REQUIREMENT: Please copy out the full listing that follows exactly; no picture belongs in the copy.

MATERIAL PROVIDED:
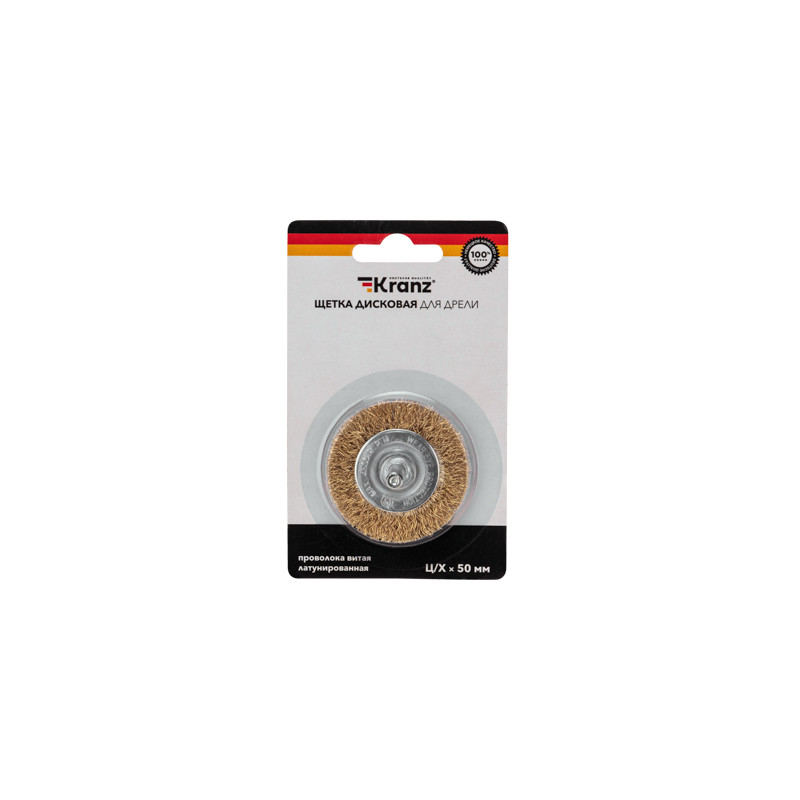 Щетка дисковая для дрели, витая латунированная проволока, 50мм (Kranz) KR-91-1248
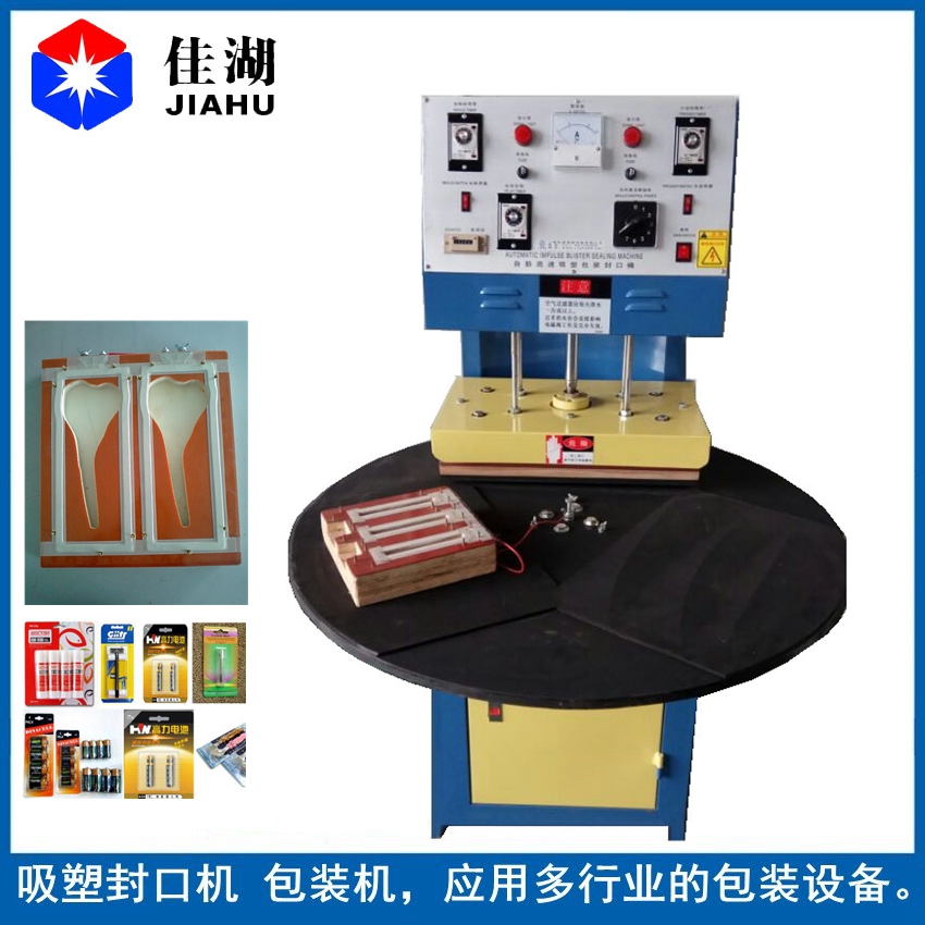 自動轉盤式封口機主要用于吸塑泡殼與紙卡的熱合包裝,利用脈沖發熱原理(36V電壓使電木模具發熱)根據工件大小(熱合面積)選擇不同電流輸出及通電時間 ,然后在加壓冷卻后情況下完成熱合包裝。
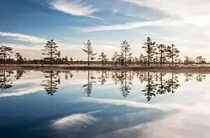 Most of the park is occupied by coniferous forest and peat bogs. It is mostly flat, and on the coast there are sandy beaches. There are also very exotic landscapes, for example, wastelands, overgrown with juniper, karst fields, and swamps and bogs.

SOLUTION BELOW:
 Щетка дисковая для дрели, витая латунированная проволока, 50мм (Kranz) KR-91-1248
 自動轉盤式封口機主要用于吸塑泡殼與紙卡的熱合包裝,利用脈沖發熱原理(36V電壓使電木模具發熱)根據工件大小(熱合面積)選擇不同電流輸出及通電時間 ,然后在加壓冷卻后情況下完成熱合包裝。
 Most of the park is occupied by coniferous forest and peat bogs. It is mostly flat, and on the coast there are sandy beaches. There are also very exotic landscapes, for example, wastelands, overgrown with juniper, karst fields, and swamps and bogs.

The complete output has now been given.